Your task —
Using the listing below, copy exactly each line from the one that has "每日清晨6点,同学们在公寓楼" through the one that has "Enter through a"; omit the pictures.

##############################

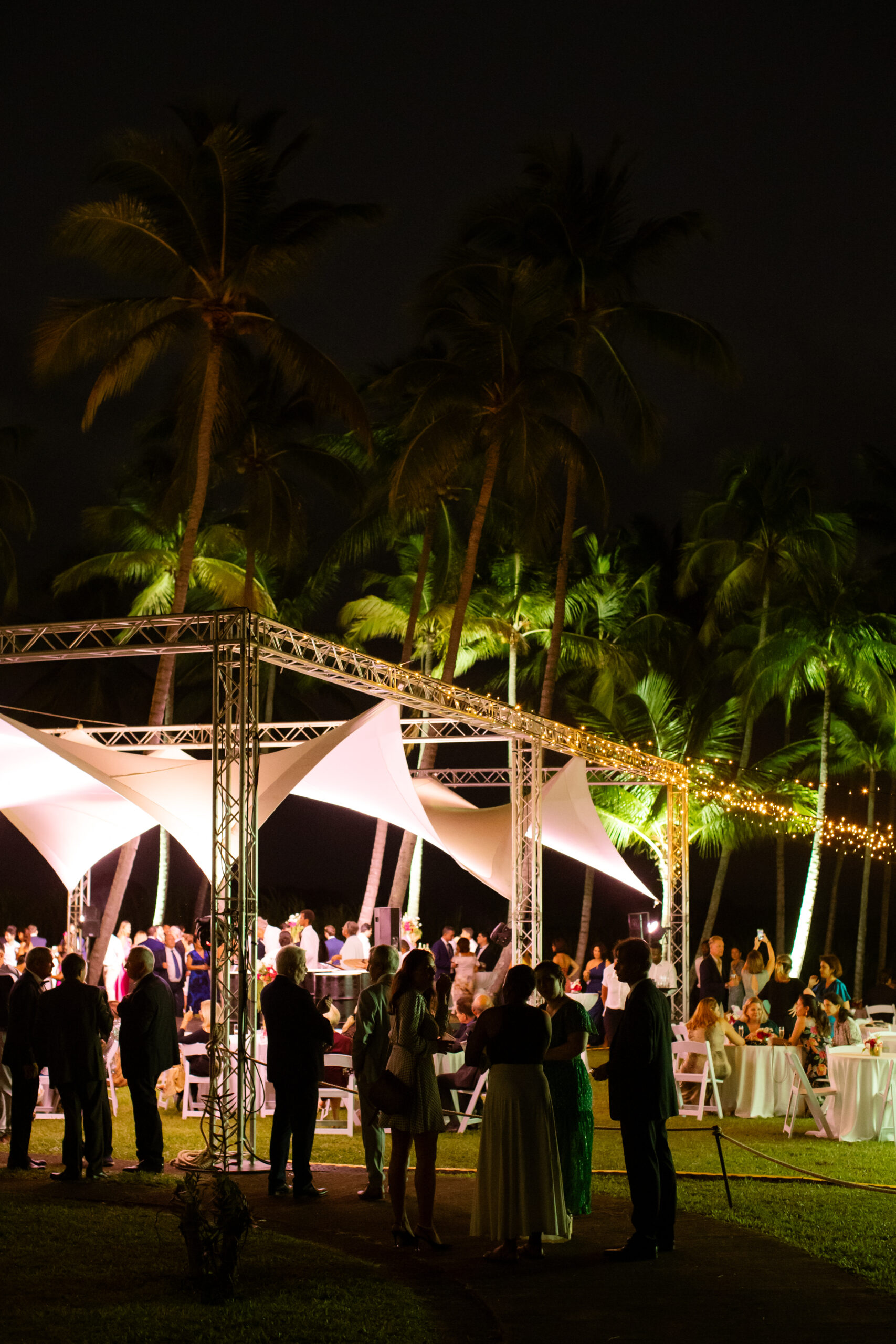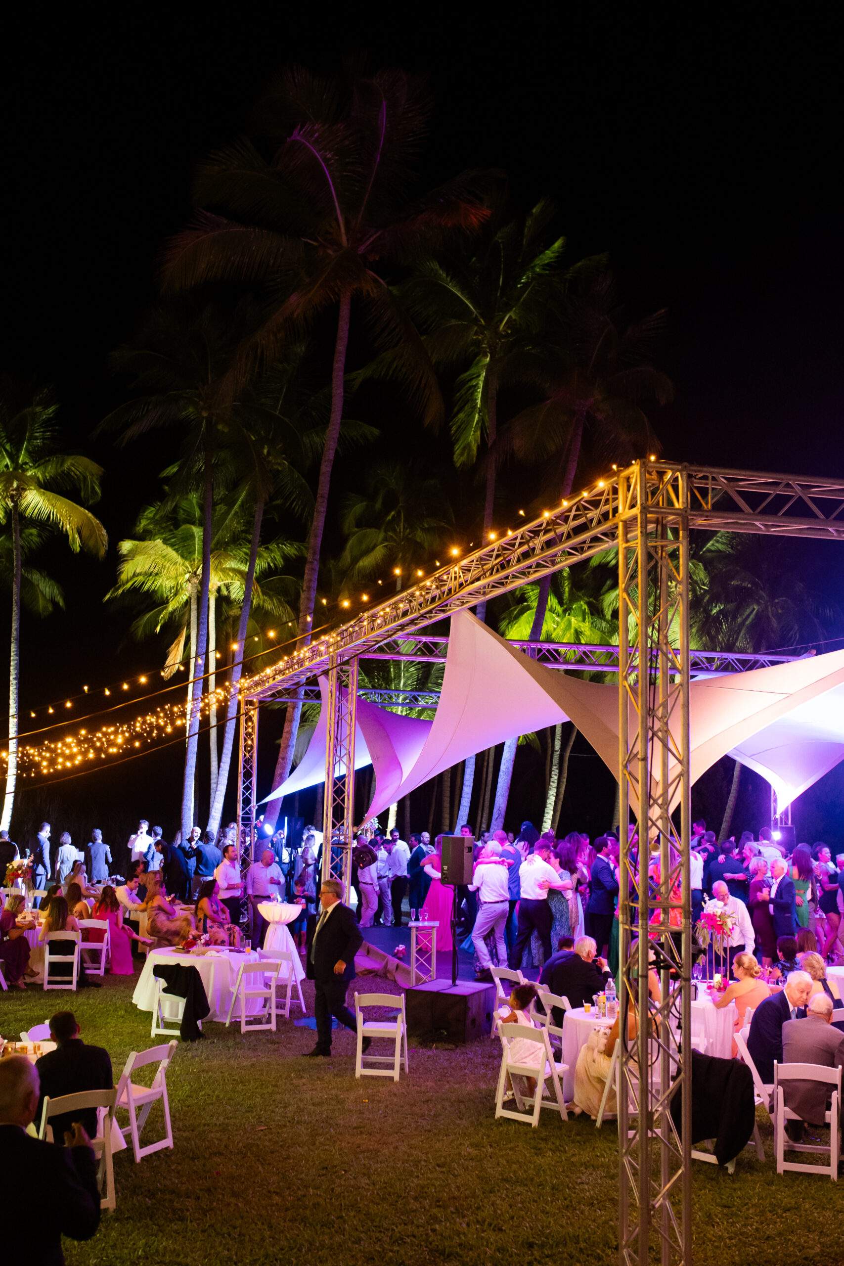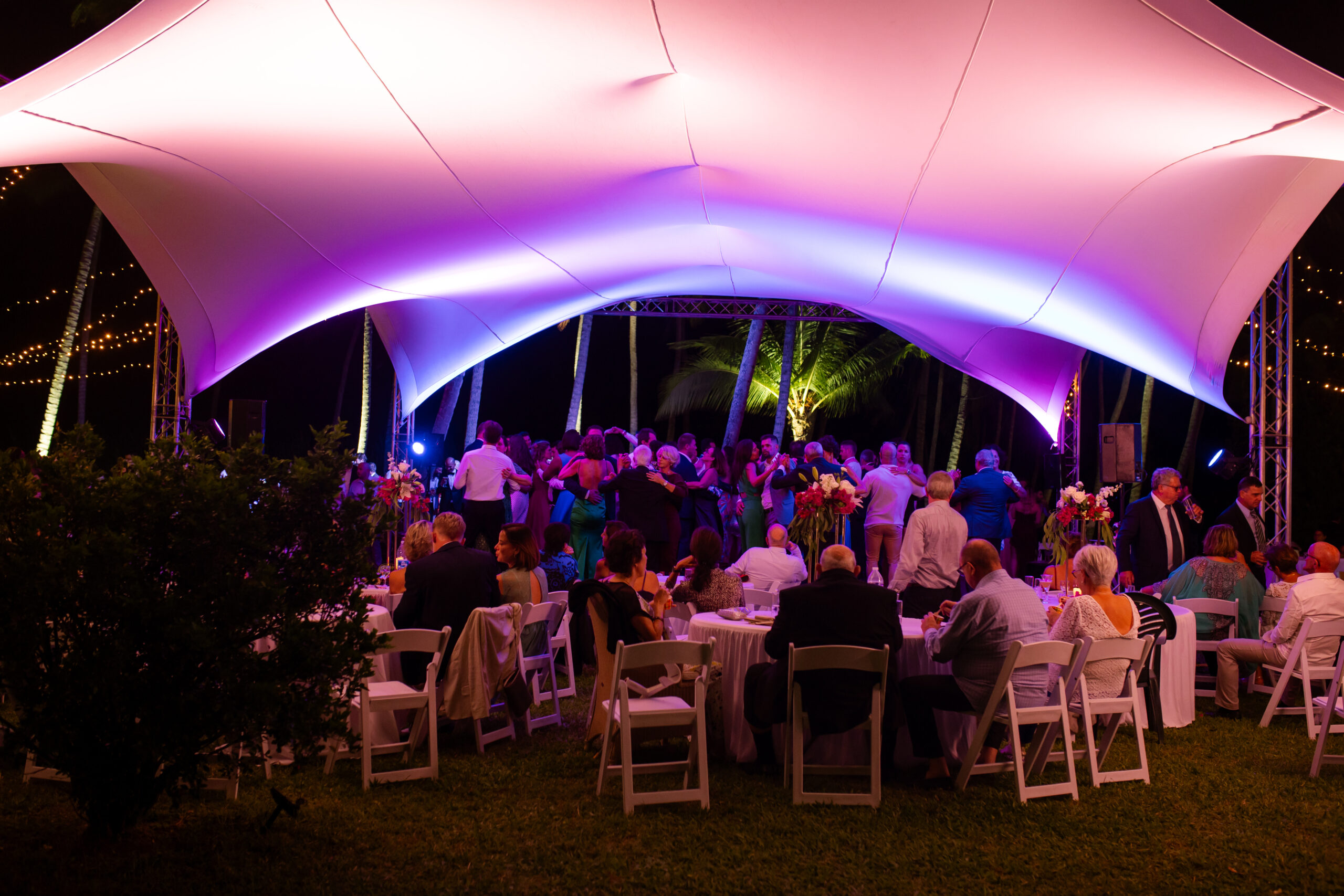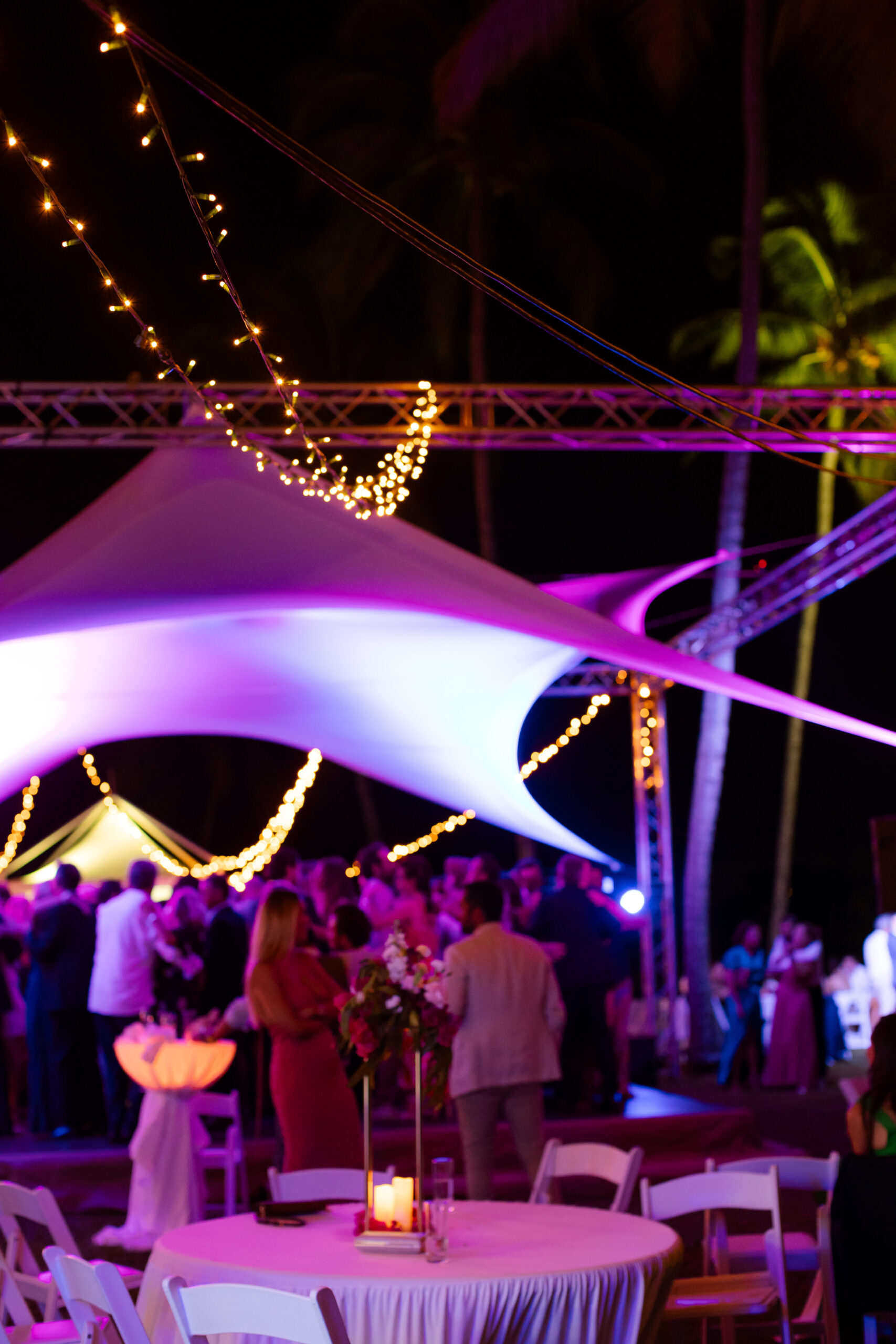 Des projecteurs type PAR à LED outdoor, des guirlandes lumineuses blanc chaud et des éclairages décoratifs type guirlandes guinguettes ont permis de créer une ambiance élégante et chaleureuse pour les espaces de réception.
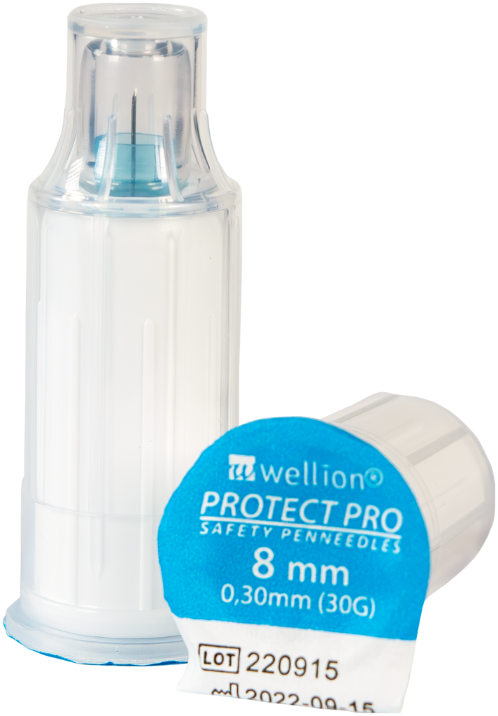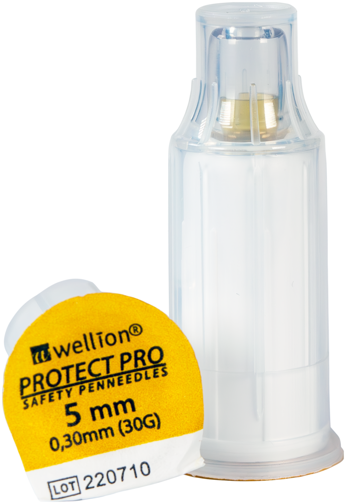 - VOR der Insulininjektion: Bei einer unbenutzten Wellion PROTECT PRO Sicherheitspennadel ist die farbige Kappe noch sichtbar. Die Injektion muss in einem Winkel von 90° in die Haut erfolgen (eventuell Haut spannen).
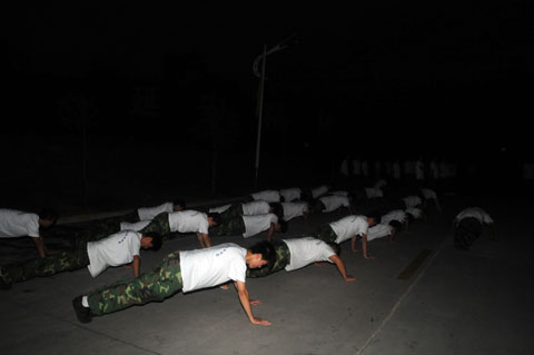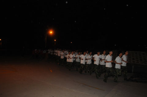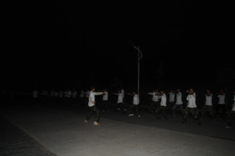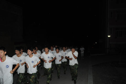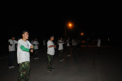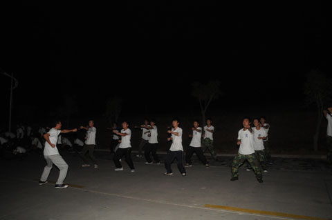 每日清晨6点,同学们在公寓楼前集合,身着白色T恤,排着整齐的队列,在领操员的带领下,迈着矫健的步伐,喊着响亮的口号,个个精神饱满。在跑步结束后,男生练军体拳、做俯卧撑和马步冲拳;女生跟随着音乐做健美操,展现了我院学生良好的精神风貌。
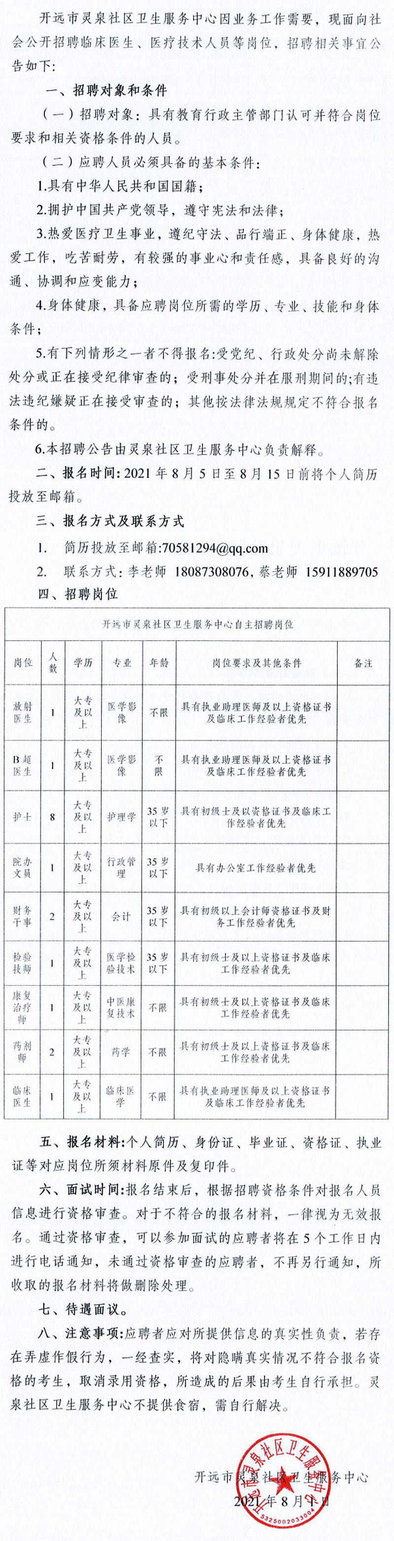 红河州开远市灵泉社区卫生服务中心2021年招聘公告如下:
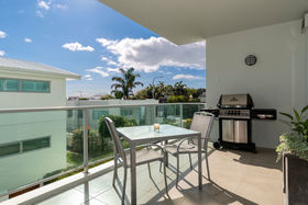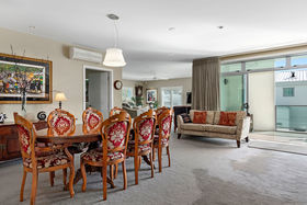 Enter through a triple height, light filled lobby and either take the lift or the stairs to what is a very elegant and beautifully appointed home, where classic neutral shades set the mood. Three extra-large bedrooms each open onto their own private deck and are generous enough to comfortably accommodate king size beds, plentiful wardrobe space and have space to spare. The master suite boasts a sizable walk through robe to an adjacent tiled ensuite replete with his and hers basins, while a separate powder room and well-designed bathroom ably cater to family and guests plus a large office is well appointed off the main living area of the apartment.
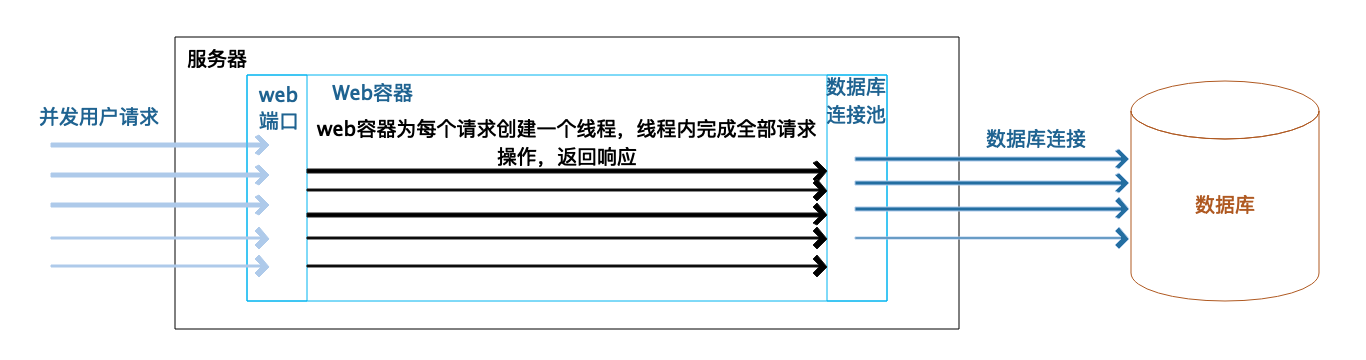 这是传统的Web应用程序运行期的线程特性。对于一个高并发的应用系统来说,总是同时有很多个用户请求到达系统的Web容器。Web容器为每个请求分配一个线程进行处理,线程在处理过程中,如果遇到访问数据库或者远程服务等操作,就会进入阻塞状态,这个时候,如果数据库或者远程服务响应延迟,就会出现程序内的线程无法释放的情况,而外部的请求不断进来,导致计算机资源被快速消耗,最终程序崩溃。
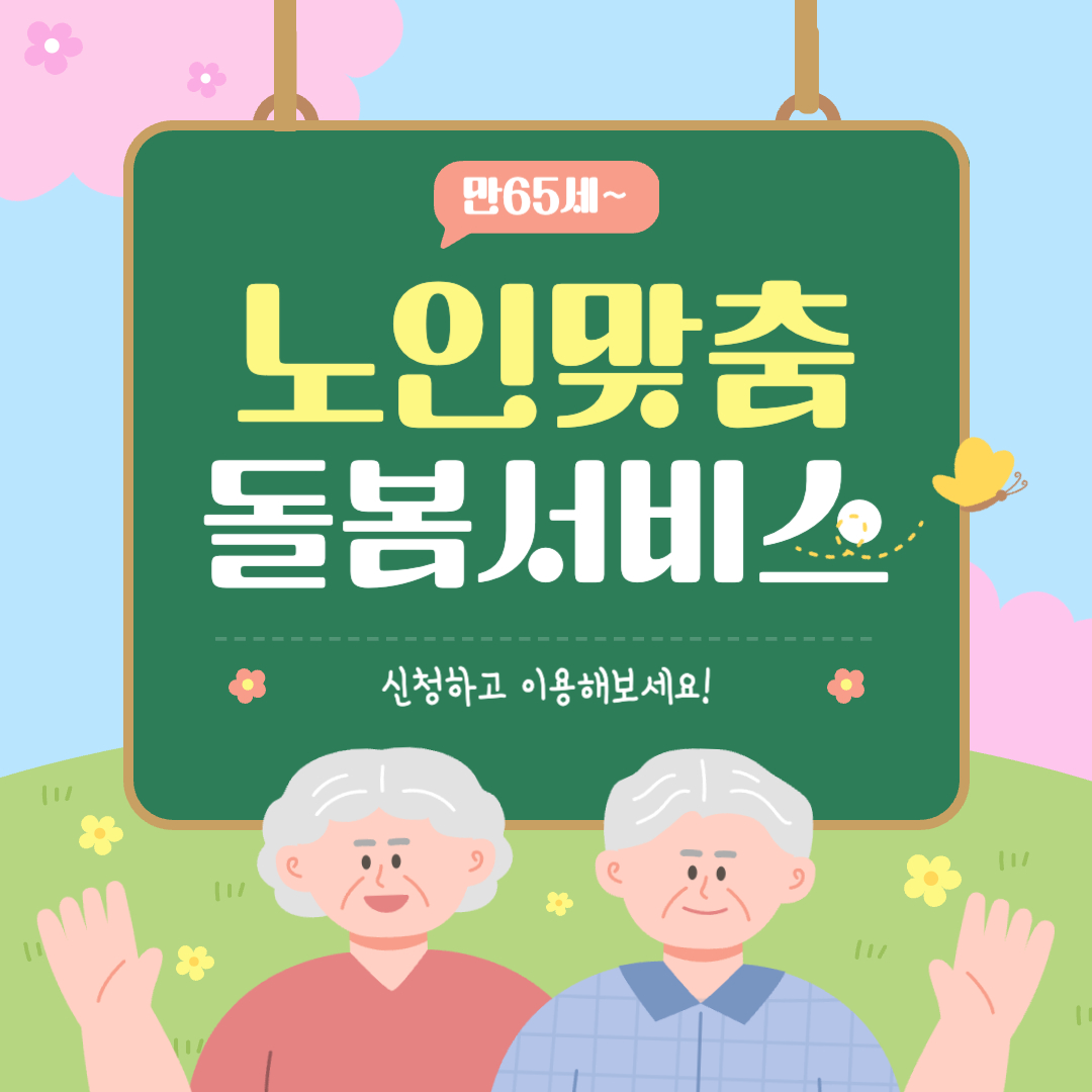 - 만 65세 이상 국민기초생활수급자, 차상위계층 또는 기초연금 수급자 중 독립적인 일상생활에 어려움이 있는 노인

##############################

Answer to this task —
 每日清晨6点,同学们在公寓楼前集合,身着白色T恤,排着整齐的队列,在领操员的带领下,迈着矫健的步伐,喊着响亮的口号,个个精神饱满。在跑步结束后,男生练军体拳、做俯卧撑和马步冲拳;女生跟随着音乐做健美操,展现了我院学生良好的精神风貌。
 红河州开远市灵泉社区卫生服务中心2021年招聘公告如下:
 Enter through a triple height, light filled lobby and either take the lift or the stairs to what is a very elegant and beautifully appointed home, where classic neutral shades set the mood. Three extra-large bedrooms each open onto their own private deck and are generous enough to comfortably accommodate king size beds, plentiful wardrobe space and have space to spare. The master suite boasts a sizable walk through robe to an adjacent tiled ensuite replete with his and hers basins, while a separate powder room and well-designed bathroom ably cater to family and guests plus a large office is well appointed off the main living area of the apartment.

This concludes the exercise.